Fast Track Designation for EPI-7386 in Metastatic Castration-Resistant Prostate Cancer

The FDA granted Fast Track designation to EPI-7386, an oral, highly selective N-terminal domain inhibitor of the androgen receptor, for the treatment of adult male patients with metastatic castration-resistant prostate cancer resistant to standard-of-care treatment.

A phase I clinical trial expects to enroll approximately 18 patients with metastatic castration-resistant prostate cancer in the dose-escalation part of the study at selected clinical sites in the United States and Canada, with an additional 10 patients planned to be enrolled in a dose-expansion cohort involving additional clinical sites. The study will evaluate the safety and tolerability of EPI-7386 while additionally characterizing the pharmacokinetic, biologic, and antitumor effects of therapy.

Fast Track Designation for RNL in Glioblastoma

The FDA gave Fast Track designation to an investigational drug—rhenium nanoliposome (RNL)—for the treatment of patients with recurrent glioblastoma. The nanoliposome-encapsulated radioisotope is designed to safely, effectively, and conveniently deliver a high dose of radiation—of up to 25 times greater concentration than currently used external-beam radiation therapy—directly into the brain tumor.

The drug is being evaluated in the multicenter ReSPECT phase I dose-finding clinical trial. Recently, the ReSPECT trials’ data and safety monitoring board approved proceeding to cohort 6 of the trial, which includes increasing both the drug volume and radiation dose to 8.8 mL and 22.3 mCi, respectively.

FDA Granted Pediatric Disease Designation for OXi-4503 in AML

The FDA has designated OXi4503 (combretastatin A1-diphosphate; CA1P) for the treatment of acute myeloid leukemia (AML) due to genetic mutations that disproportionately affect pediatric patients as a drug for a “rare pediatric disease,” as defined in section 529(a)(3) of the Federal Food, Drug, and Cosmetic Act (21 U.S.C. 360ff[a][3]).
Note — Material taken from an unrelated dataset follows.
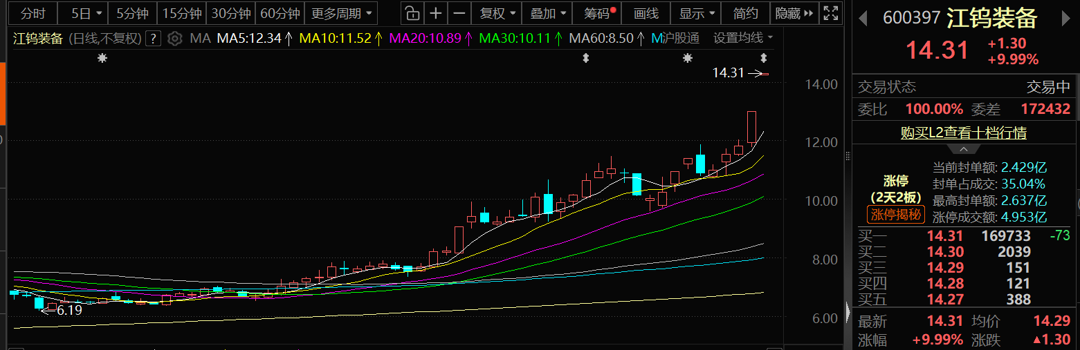 2月12日,江钨装备收获两连板,截至12日11:11分,江钨装备涨9.99%,报14.31元/股。

OXi4503 in combination with the standard chemotherapy cytarabine was generally well tolerated by adult patients with AML, and a maximum tolerated dose level of OXi4503 was identified as the recommended dose for further clinical development of this novel two-drug combination. In 26 evaluable patients with AML, there were four complete remissions and one partial remission. The complete responses were associated with > 1-year overall survival times.

The combination therapy exhibited a manageable toxicity and a promising benefit to risk profile in older adults with relapsed AML. Four of the five objective responders were aged 65 or older with adverse cytogenetic features.

About the Rare Pediatric Disease Voucher Program

The FDA grants rare pediatric disease designation for diseases with serious or life-threatening manifestations that primarily affect people aged from birth to 18 years and that affect fewer than 200,000 people in the United States. Under the FDA's Rare Pediatric Disease Priority Review Voucher program, a sponsor who receives an approval of a new drug application or biologics license application for a product for the prevention or treatment of a rare pediatric disease may be eligible for a voucher, which can be redeemed to obtain priority review for any subsequent marketing application and may be sold or transferred. 

The content in this post has not been reviewed by the American Society of Clinical Oncology, Inc. (ASCO®) and does not necessarily reflect the ideas and opinions of ASCO®.